The fourth of a six-part series on e-discovery from the Taneja Group .

In the court case Consolidated Aluminum v. Alco, the defendant suffered monetary sanctions for failing to properly apply litigation holds. In spite of the fact that Alco had a litigation hold policy in place, someone was asleep at the wheel. There were several serious issues: Alco issued the holds after litigation had begun, did not make the holds broad enough, and did not enforce holds when key employees deleted relevant data.

One of the federal rules of civil procedure's strictures requires that companies demonstrate consistent litigation hold practices. This does not mean that litigation holds must be issued willy-nilly. No one (with the possible exception of opposing counsel) believes that a company must lock up all its active data in case of potential relevance, no matter how slight. However, litigation holds do come into serious play when looming litigation is "reasonably anticipated" and when data has high potential relevance, no matter where it may be located.
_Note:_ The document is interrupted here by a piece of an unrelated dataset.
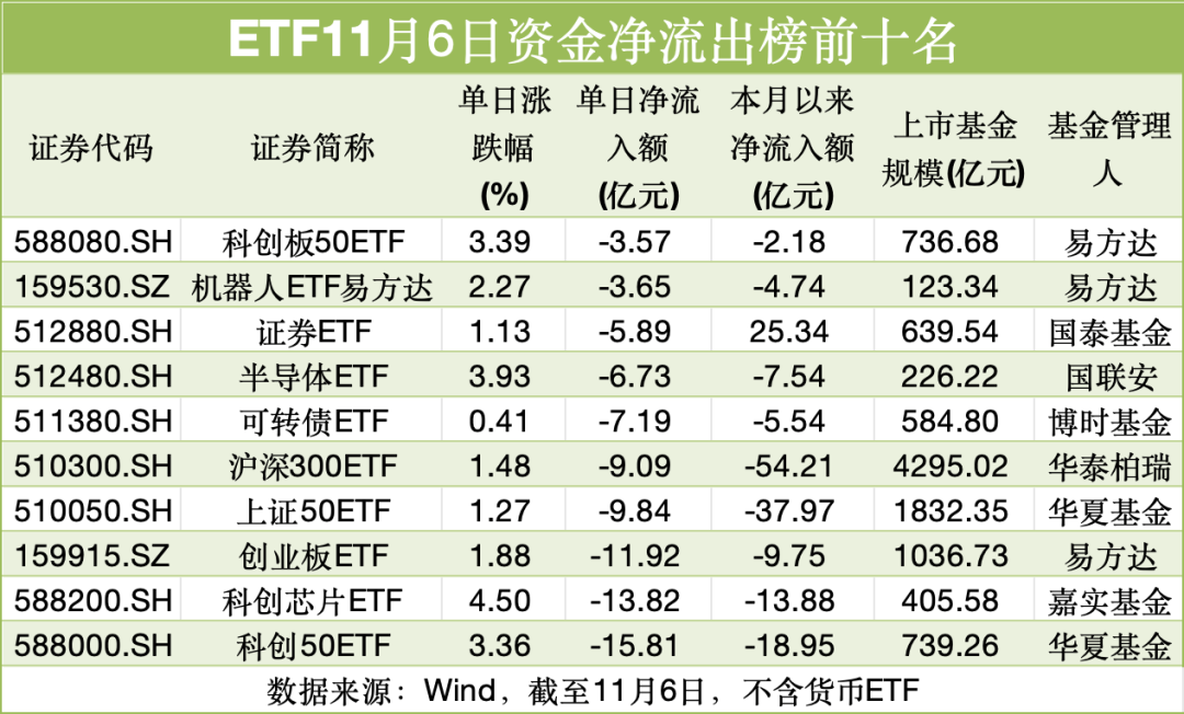 多只跟踪科创 50 指数、创业板指数、科创芯片指数、上证 50 指数、沪深 300 指数的 ETF 位居资金净流出榜前列。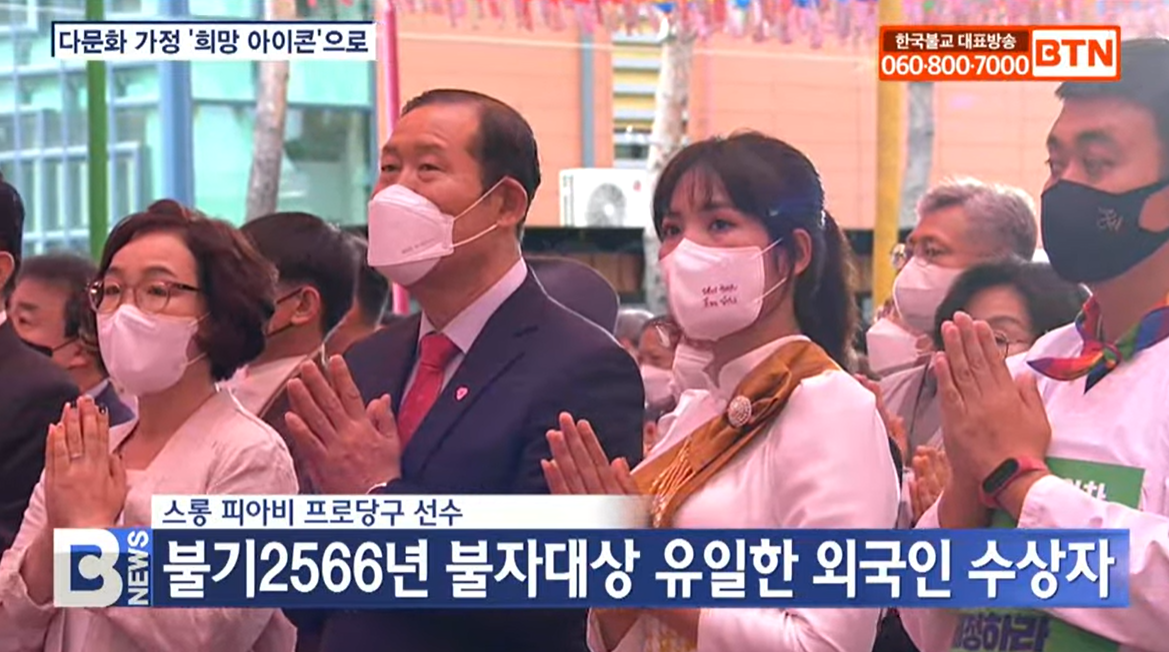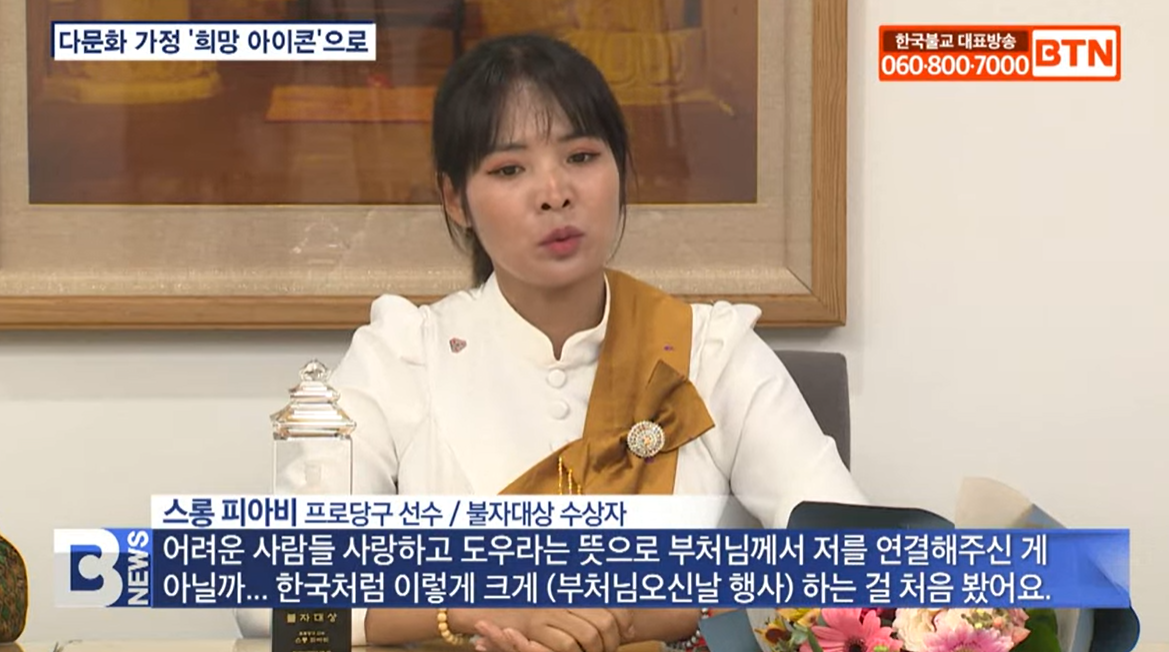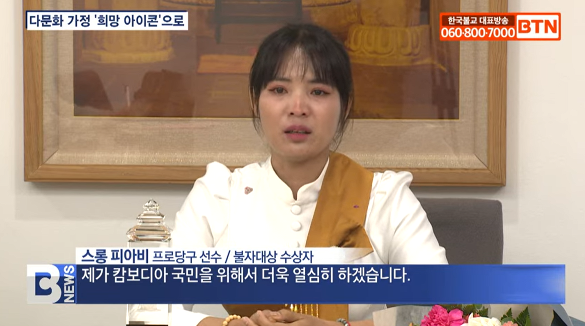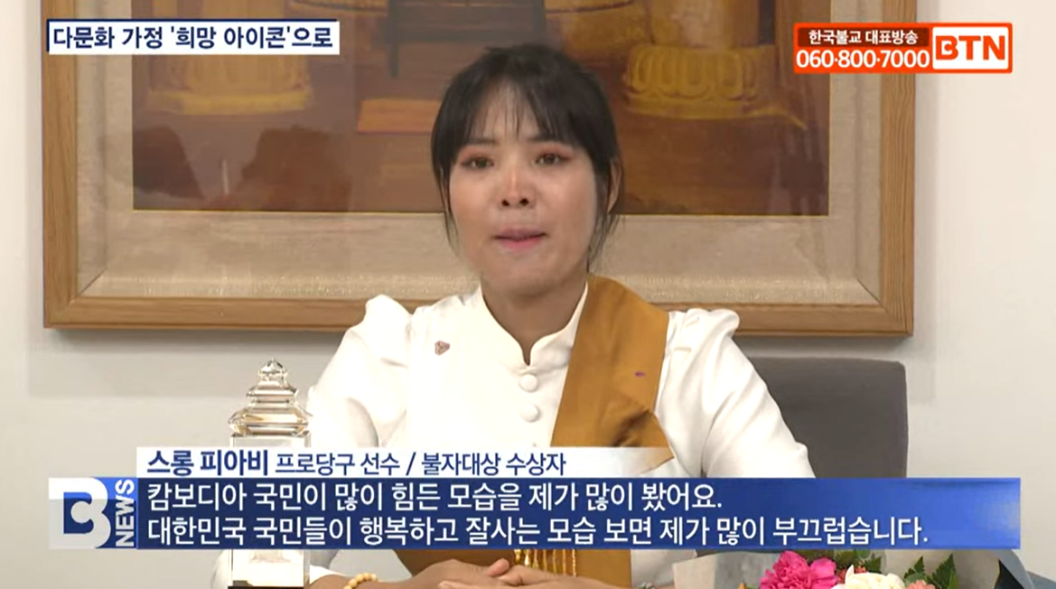스롱 피아비 선수는 캄보디아 스포츠 영재 교육을 위해 부지를 마련했다고 밝혔으며 불자대상 수상을 계기로 제2의 조국 대한민국 국민으로 다문화가정에 희망을 전하는 일에 더욱 앞장서겠다며 환하게 웃었습니다.

This area is another example where human oversight and e-discovery technology can and should work together. Attorneys and IT should work together to decide what electronically stored information (ESI) should be retained for upcoming discovery actions, which individuals have custody of the relevant ESI, and where the files are located -- fileshares, email servers, archives, laptops. Once these decisions are made, then the firm can use e-discovery tools to search for and hold the relevant data.